The UK government is currently running a survey to elicit ideas on how it should update data.gov.uk. As one of the oldest such portals, despite various stages of evolution and upgrade, it is, unsurprisingly, showing signs of age. Yesterday’s blog post by Owen Boswarva offers a good summary of the kind of issues that arise when considering the primary and secondary functions of a data portal. Boswarva emphasizes the need for discovery metadata (title, description, issue date, subject matter etc.) which is certainly crucial, but so too is structural metadata (use our Tabular Metadaata standards to describe your CSV, for example), licensing information, the use of URIs as identifiers for and within datasets, information about the quality of the data, location information, update cycle, contact point, feedback loops, usage information and more.
It’s these kind of questions that gave rise to the Data on the Web Best Practices WG whose primary document is now at Candidate Recommendation. We need help from the likes of Owen Boswarva and data.gov.* portals around the world to help us gather evidence of implementation of course. The work is part of a bigger picture that includes two ancillary vocabularies that can be used to provide structured information about data quality and dataset usage, the outputs of the Spatial Data on the Web Working Group, in which we’re collaborating with fellow standards body OGC, and the Permissions and Obligations Expression WG that is developing machine readable license terms and more, beginning with the output of the ODRL Community Group.

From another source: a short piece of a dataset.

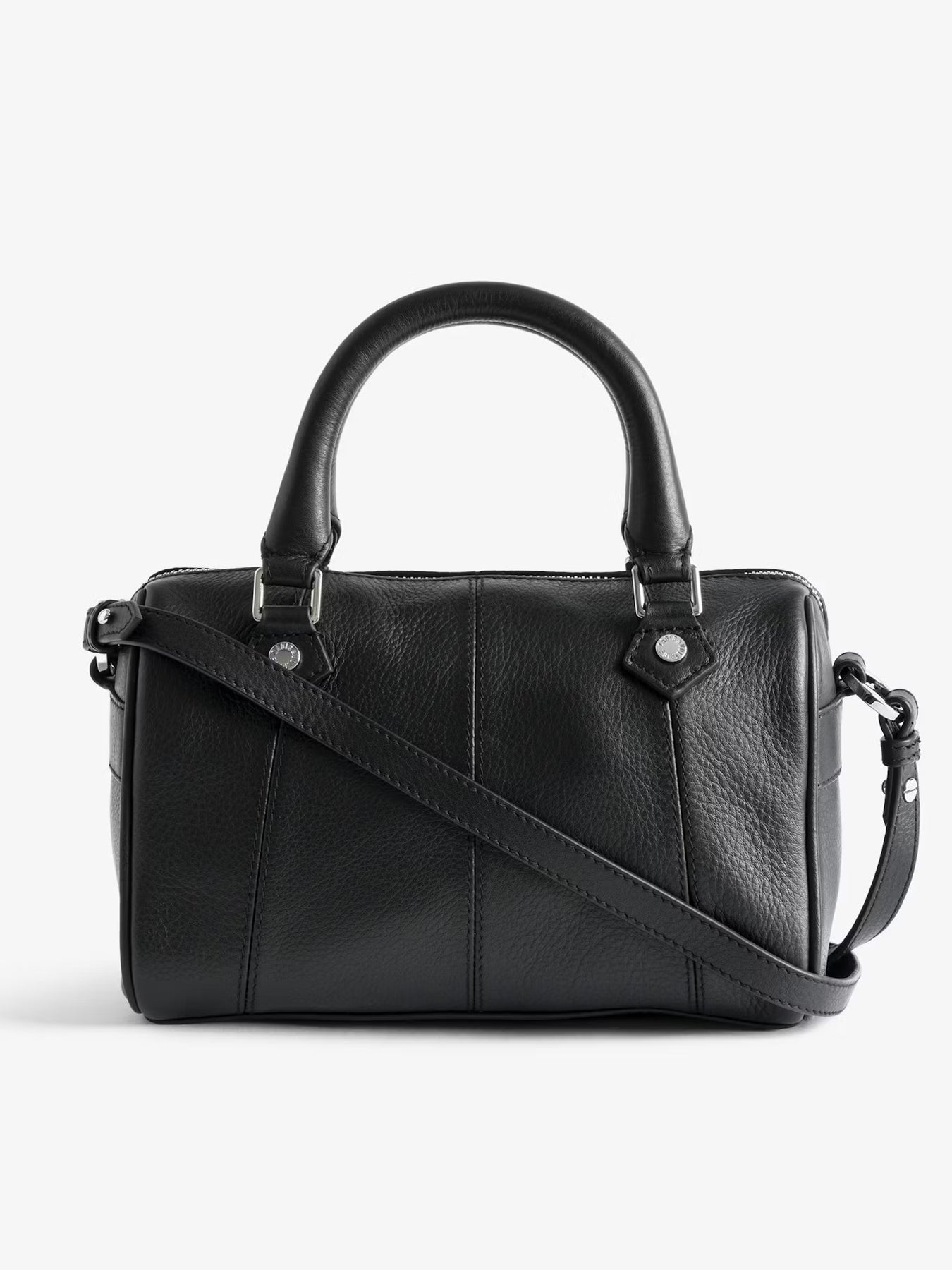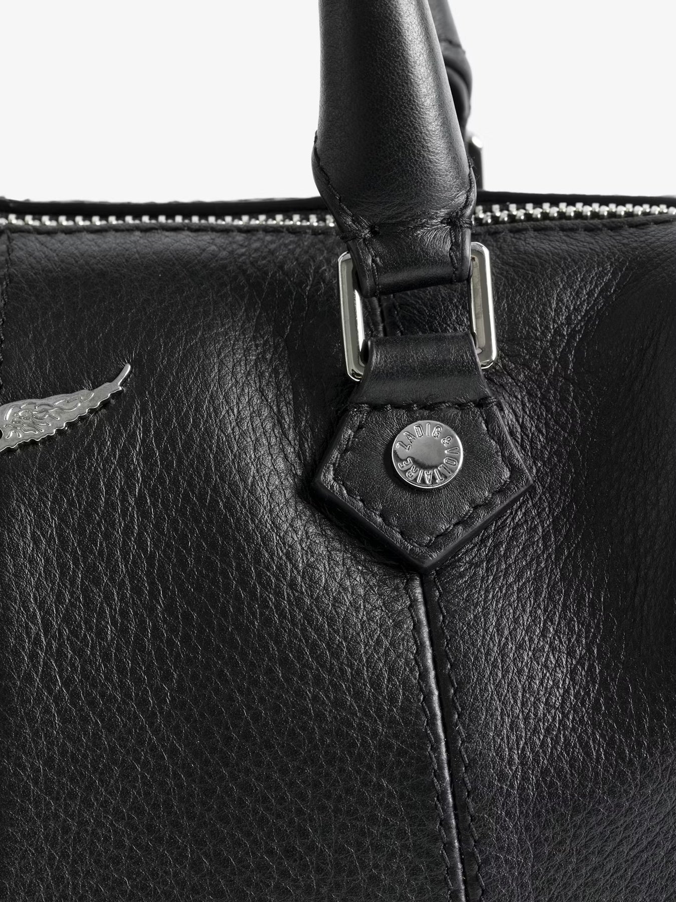 Cartera de cuero granulado, correa de hombro ajustable y asas con alas metálicas distintivas.
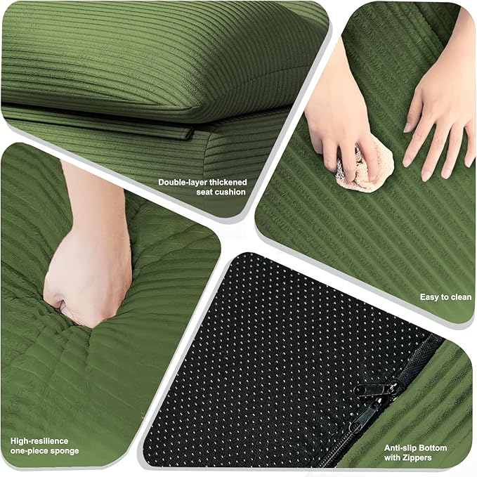 Misolant Bean Bag Chairs,Big Corduroy Fabric Sofa Bean Bag Chair for Adults and Teens with High-Resilience Sponge, Non-Slip Base Floor Lounge Sofa for Home, Living Room, Bedroom, Gaming Green

A more policy-oriented view is provided by a complementary set of Best Practices developed by the EU-funded Share-PSI project. It was under the aegis of that project that the role of the portal was discussed at great length at a workshop I ran back in November last year. That showed that a portal must be a lot more than a catalog: it should be the focus of a community.
Last year’s workshop took place a week after the launch of the European Data Portal, itself a relaunch in response to experience gained through running earlier versions. One of the aims of that particuilar portal is that it should act as a gateway to datasets available throughout Europe. That implies commonly agreed discovery metadata standards for which W3C Recommends the Data Catalog Vocabulary, DCAT. However, it’s not enough. What profile of DCAT should you use? The EU’s DCAT-AP is a good place to start but how do you validate against that? Enter SHACL for example.
Those last points highlight the need for further work in this area which is one of the motivations for the Smart Descriptions & Smarter Vocabularies (SDSVoc) workshop later this year that we’re running in collaboration with the VRE4EIC project. We also want to talk in more general terms about vocabulary development & management at W3C.
Like any successful activity, if data is to be discoverable, usable, useful and used, it needs to be shared among people who have a stake in the whole process. We need to think in terms of an ecosystem, not a shop window.